== Data supplied

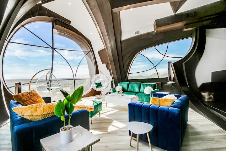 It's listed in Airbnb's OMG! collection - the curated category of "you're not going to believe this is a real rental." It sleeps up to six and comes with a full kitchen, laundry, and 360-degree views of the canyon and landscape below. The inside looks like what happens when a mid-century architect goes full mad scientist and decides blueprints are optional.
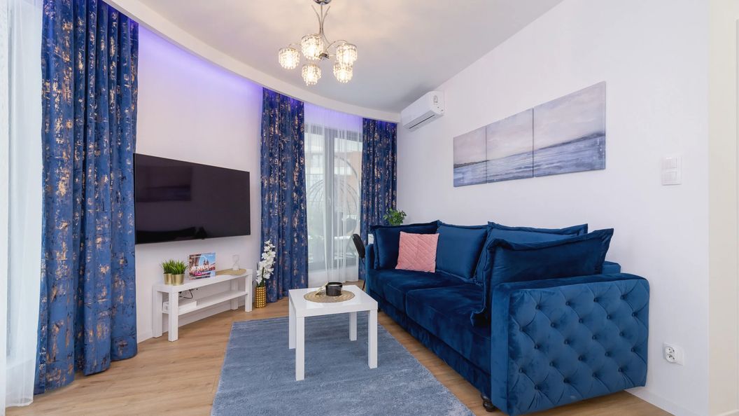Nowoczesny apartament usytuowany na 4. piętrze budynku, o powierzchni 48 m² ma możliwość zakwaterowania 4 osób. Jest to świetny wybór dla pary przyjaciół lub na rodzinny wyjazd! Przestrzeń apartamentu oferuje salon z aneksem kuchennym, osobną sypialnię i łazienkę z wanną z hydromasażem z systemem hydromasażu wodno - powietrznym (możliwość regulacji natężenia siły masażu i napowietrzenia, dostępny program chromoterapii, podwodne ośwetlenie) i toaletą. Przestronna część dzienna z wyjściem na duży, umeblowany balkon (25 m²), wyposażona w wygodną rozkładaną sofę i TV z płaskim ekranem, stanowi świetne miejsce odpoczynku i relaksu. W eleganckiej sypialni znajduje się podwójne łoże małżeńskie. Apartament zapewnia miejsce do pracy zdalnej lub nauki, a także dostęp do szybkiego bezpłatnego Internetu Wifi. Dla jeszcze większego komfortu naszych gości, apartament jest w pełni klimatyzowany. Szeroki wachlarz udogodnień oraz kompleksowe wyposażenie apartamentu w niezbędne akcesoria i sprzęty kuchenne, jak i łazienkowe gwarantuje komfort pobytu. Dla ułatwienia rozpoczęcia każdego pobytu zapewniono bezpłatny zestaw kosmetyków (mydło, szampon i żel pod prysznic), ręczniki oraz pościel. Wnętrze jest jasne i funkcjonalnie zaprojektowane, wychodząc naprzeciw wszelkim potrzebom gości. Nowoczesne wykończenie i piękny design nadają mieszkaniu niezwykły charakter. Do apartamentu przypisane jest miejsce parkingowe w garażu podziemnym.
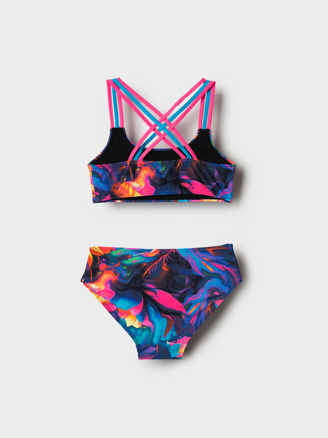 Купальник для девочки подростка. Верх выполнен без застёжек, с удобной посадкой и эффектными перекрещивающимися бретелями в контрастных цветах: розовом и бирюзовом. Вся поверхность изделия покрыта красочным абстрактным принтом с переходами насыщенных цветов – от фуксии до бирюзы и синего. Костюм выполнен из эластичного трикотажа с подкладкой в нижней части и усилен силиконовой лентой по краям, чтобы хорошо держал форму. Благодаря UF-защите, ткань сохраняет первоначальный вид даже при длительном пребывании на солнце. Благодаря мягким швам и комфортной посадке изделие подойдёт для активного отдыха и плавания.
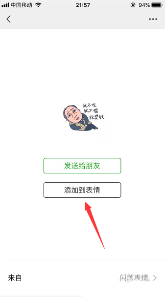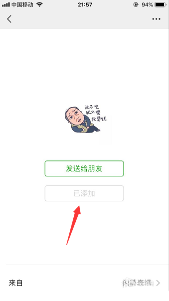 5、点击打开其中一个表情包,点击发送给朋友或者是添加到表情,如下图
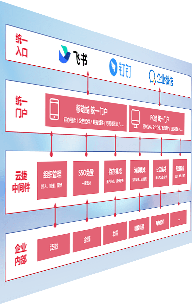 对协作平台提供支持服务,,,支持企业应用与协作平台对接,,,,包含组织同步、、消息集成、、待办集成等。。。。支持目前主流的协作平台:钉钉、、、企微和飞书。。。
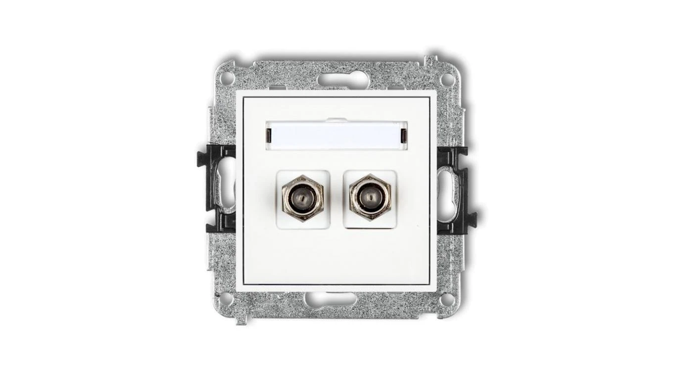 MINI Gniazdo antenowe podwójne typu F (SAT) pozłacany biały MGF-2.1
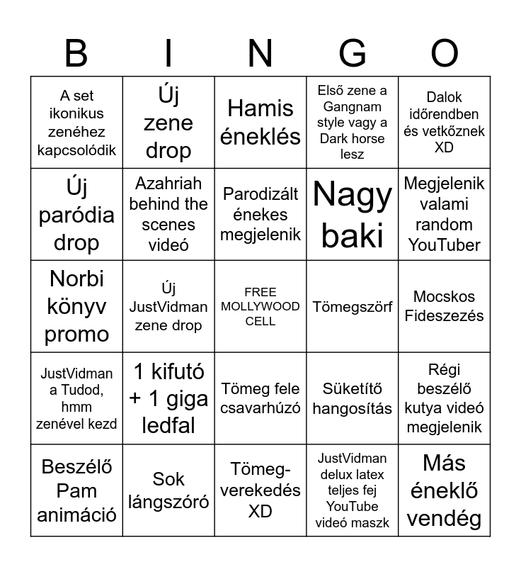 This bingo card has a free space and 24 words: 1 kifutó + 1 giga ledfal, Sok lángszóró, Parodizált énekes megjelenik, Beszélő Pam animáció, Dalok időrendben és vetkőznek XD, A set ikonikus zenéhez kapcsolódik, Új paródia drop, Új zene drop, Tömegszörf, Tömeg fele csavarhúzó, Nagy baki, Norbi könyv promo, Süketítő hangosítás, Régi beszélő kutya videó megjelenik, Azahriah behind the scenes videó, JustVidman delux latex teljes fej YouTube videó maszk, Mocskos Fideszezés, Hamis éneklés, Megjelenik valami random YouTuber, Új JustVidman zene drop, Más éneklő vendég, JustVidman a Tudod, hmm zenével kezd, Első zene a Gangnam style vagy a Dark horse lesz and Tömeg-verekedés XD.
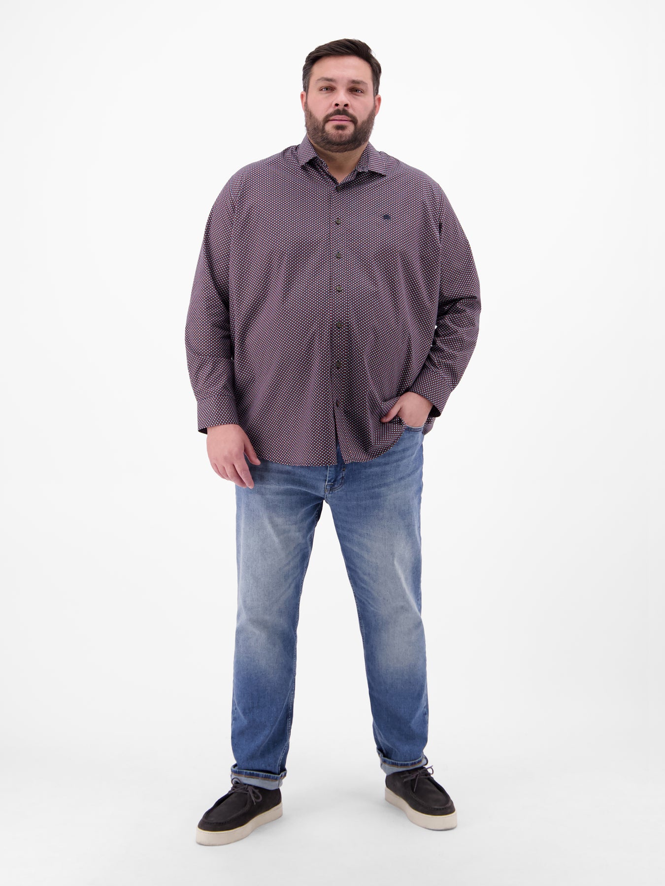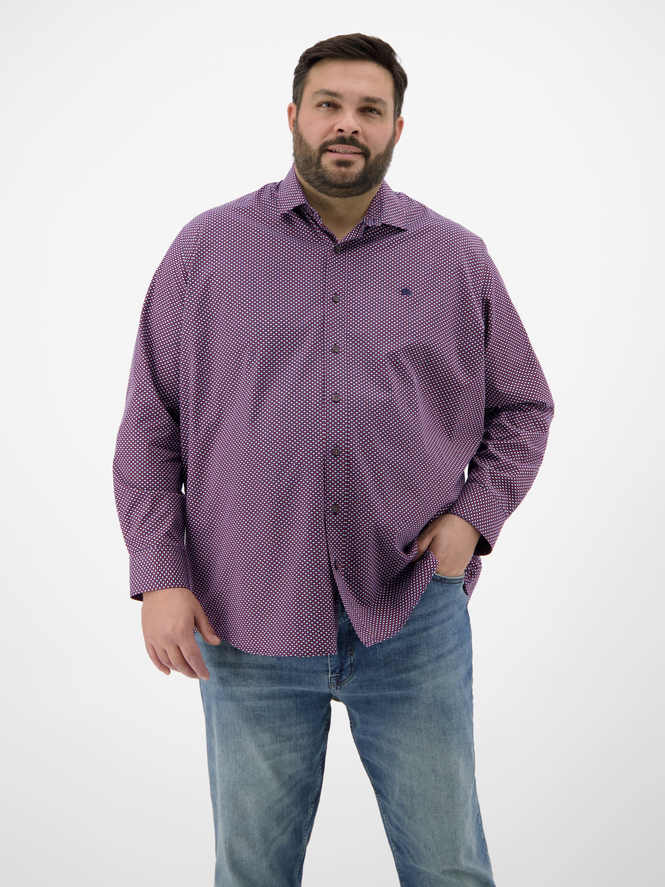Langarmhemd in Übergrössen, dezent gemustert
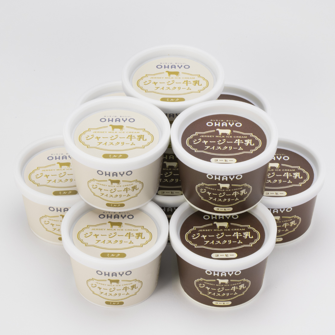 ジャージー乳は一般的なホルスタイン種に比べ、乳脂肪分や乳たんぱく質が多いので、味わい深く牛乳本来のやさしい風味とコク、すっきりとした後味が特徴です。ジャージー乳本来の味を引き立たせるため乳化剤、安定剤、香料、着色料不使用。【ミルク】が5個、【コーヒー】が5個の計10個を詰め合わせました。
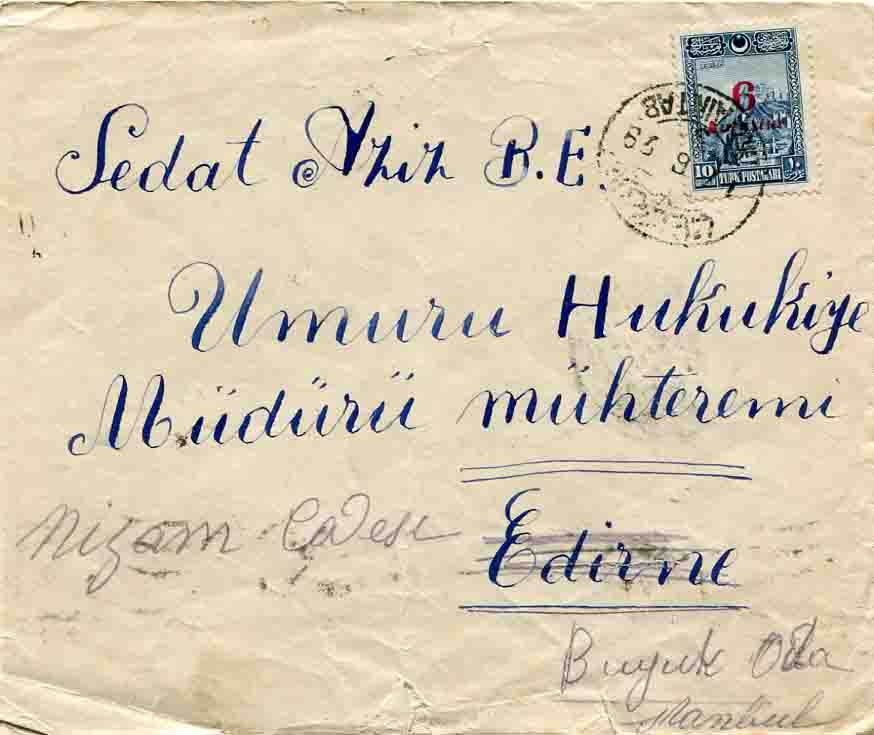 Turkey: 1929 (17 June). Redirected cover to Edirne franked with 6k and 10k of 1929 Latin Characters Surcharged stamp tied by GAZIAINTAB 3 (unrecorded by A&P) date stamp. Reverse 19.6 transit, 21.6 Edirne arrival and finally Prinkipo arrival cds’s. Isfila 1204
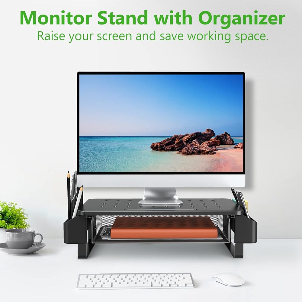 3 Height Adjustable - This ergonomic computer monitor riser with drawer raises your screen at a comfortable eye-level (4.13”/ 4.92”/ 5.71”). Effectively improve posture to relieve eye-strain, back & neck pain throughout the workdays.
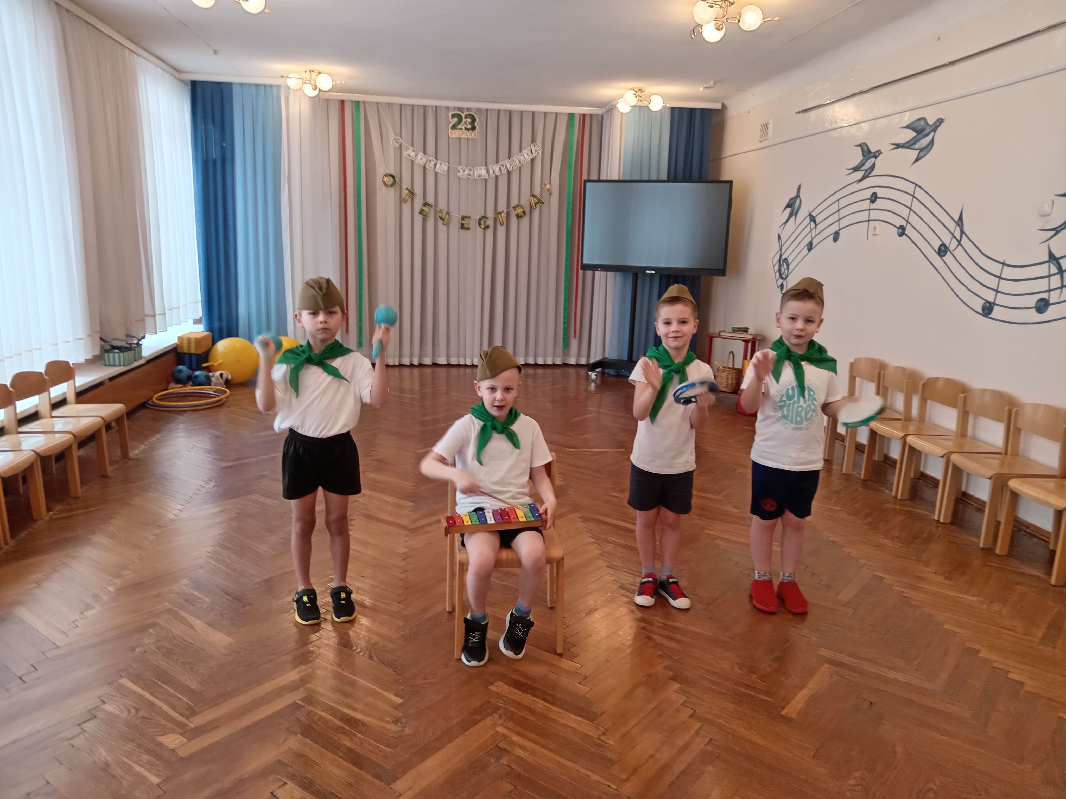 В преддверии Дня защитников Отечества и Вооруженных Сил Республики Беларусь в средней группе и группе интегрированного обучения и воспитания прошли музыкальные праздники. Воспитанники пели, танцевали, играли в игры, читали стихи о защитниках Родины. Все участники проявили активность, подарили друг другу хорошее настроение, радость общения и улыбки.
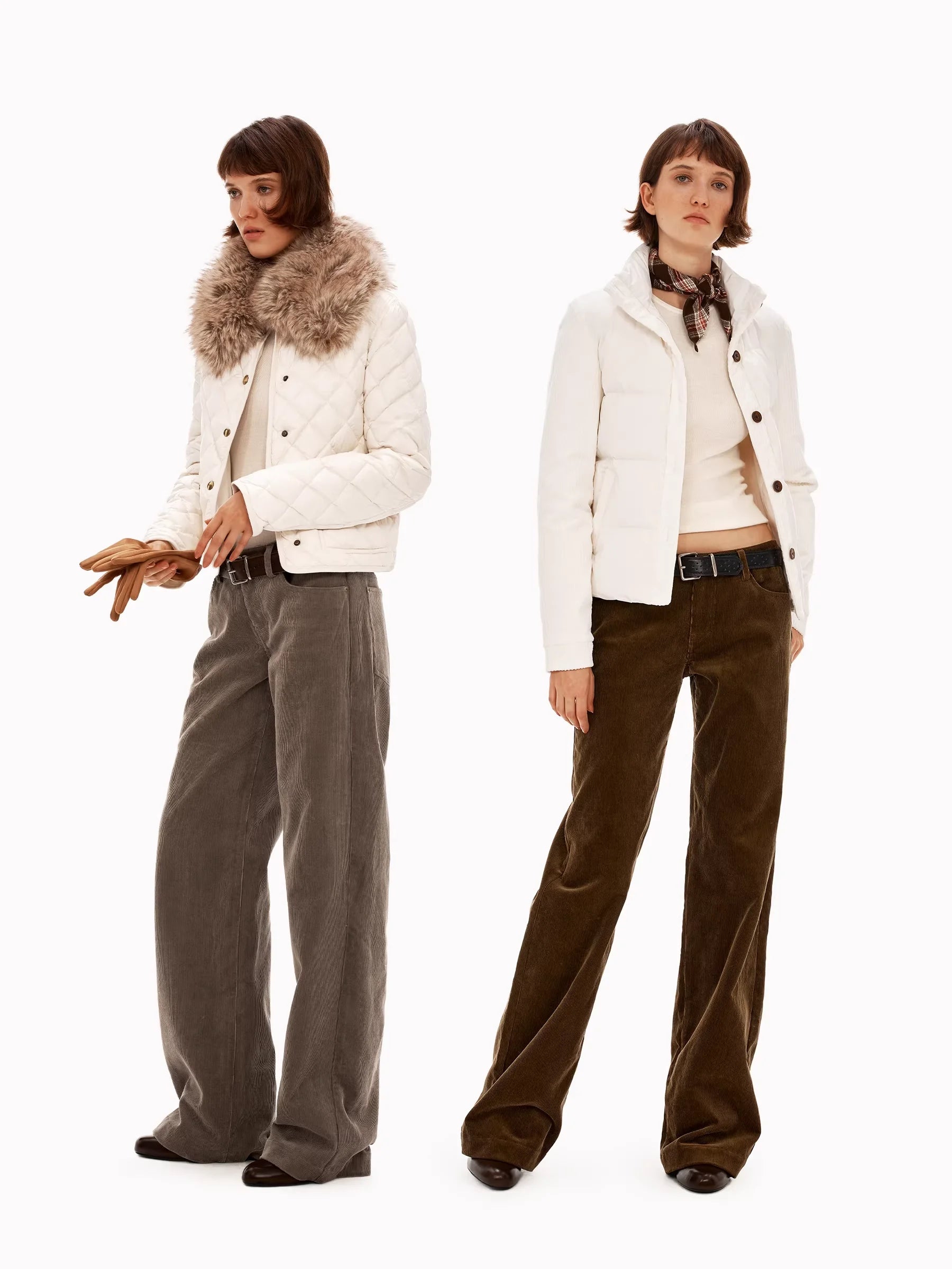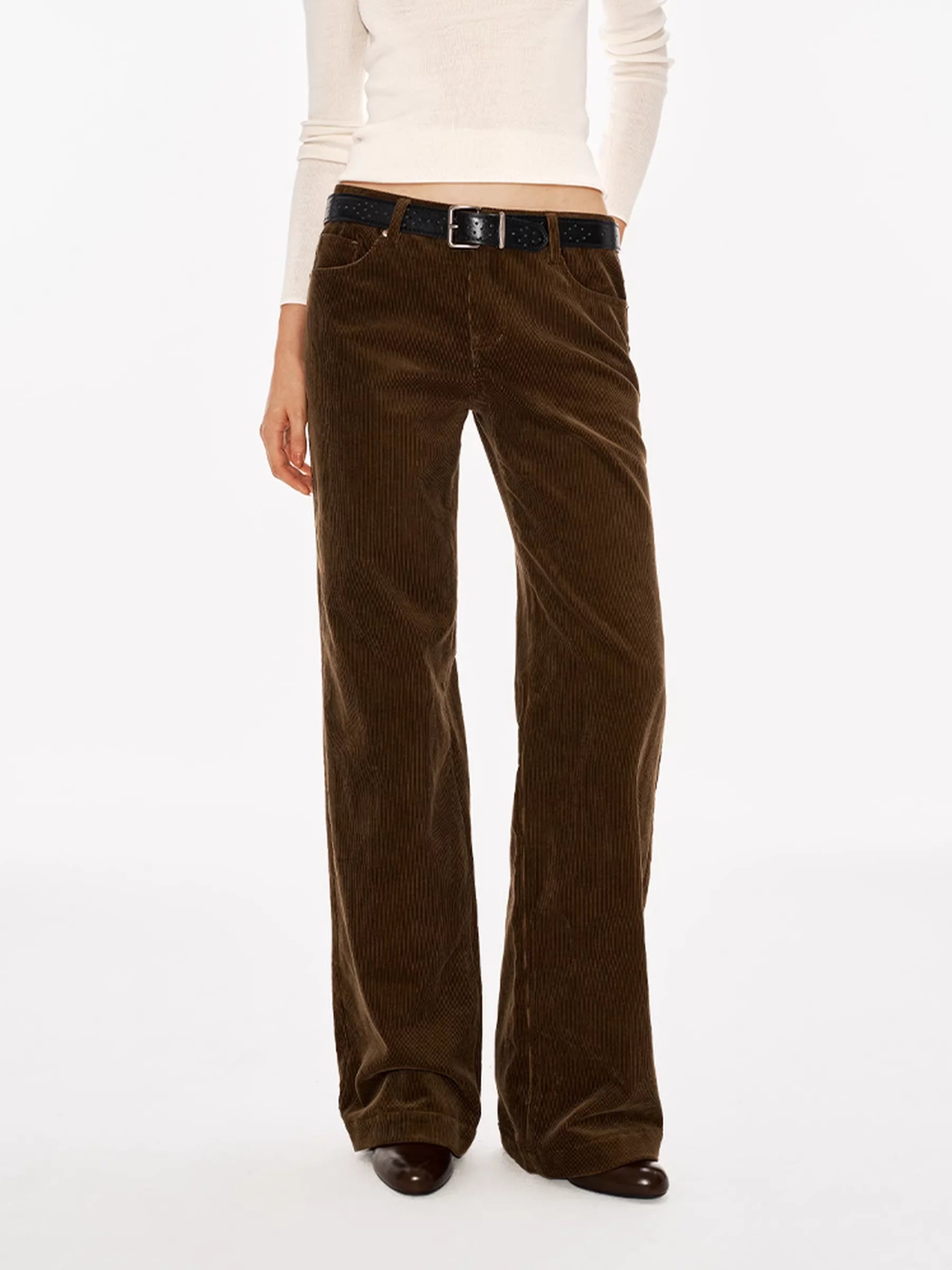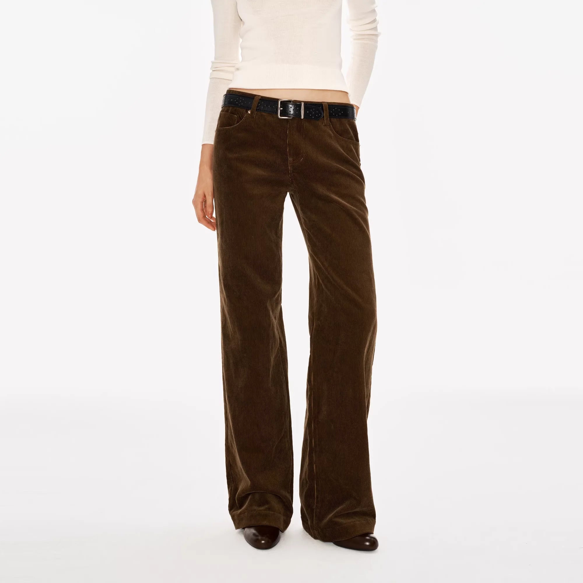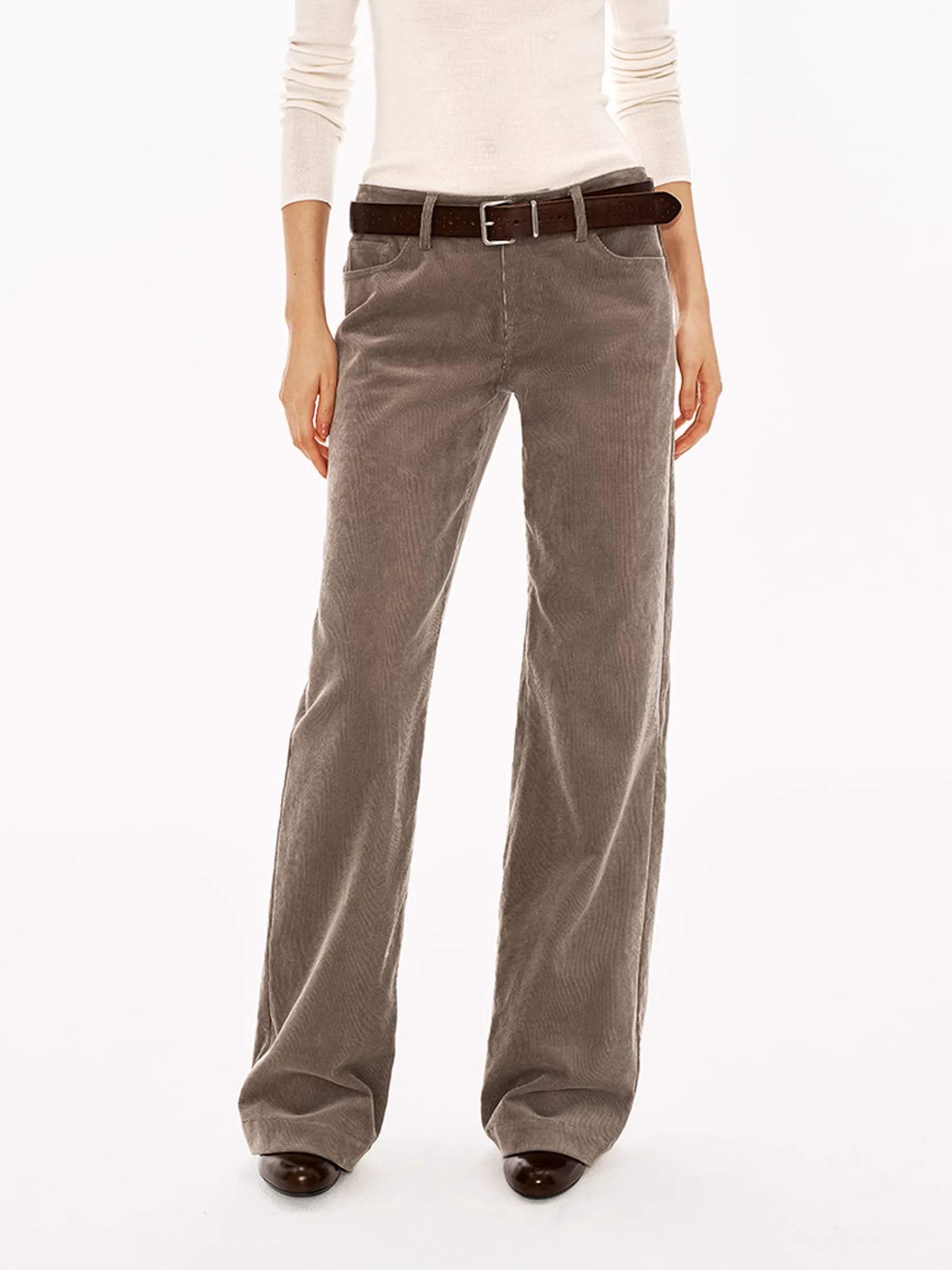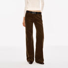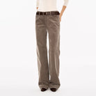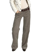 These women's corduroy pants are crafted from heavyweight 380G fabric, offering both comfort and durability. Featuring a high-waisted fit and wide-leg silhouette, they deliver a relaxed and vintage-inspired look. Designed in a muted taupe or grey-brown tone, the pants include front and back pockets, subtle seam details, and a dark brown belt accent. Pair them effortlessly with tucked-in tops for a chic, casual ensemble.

====

▸ **Work required**
Here the job is to quote the lines from the one with "Turkey: 1929 (17" through the end of the material, both included, exactly; please skip the pictures.

▸ **Output below**
 Turkey: 1929 (17 June). Redirected cover to Edirne franked with 6k and 10k of 1929 Latin Characters Surcharged stamp tied by GAZIAINTAB 3 (unrecorded by A&P) date stamp. Reverse 19.6 transit, 21.6 Edirne arrival and finally Prinkipo arrival cds’s. Isfila 1204
 3 Height Adjustable - This ergonomic computer monitor riser with drawer raises your screen at a comfortable eye-level (4.13”/ 4.92”/ 5.71”). Effectively improve posture to relieve eye-strain, back & neck pain throughout the workdays.
 В преддверии Дня защитников Отечества и Вооруженных Сил Республики Беларусь в средней группе и группе интегрированного обучения и воспитания прошли музыкальные праздники. Воспитанники пели, танцевали, играли в игры, читали стихи о защитниках Родины. Все участники проявили активность, подарили друг другу хорошее настроение, радость общения и улыбки.
 These women's corduroy pants are crafted from heavyweight 380G fabric, offering both comfort and durability. Featuring a high-waisted fit and wide-leg silhouette, they deliver a relaxed and vintage-inspired look. Designed in a muted taupe or grey-brown tone, the pants include front and back pockets, subtle seam details, and a dark brown belt accent. Pair them effortlessly with tucked-in tops for a chic, casual ensemble.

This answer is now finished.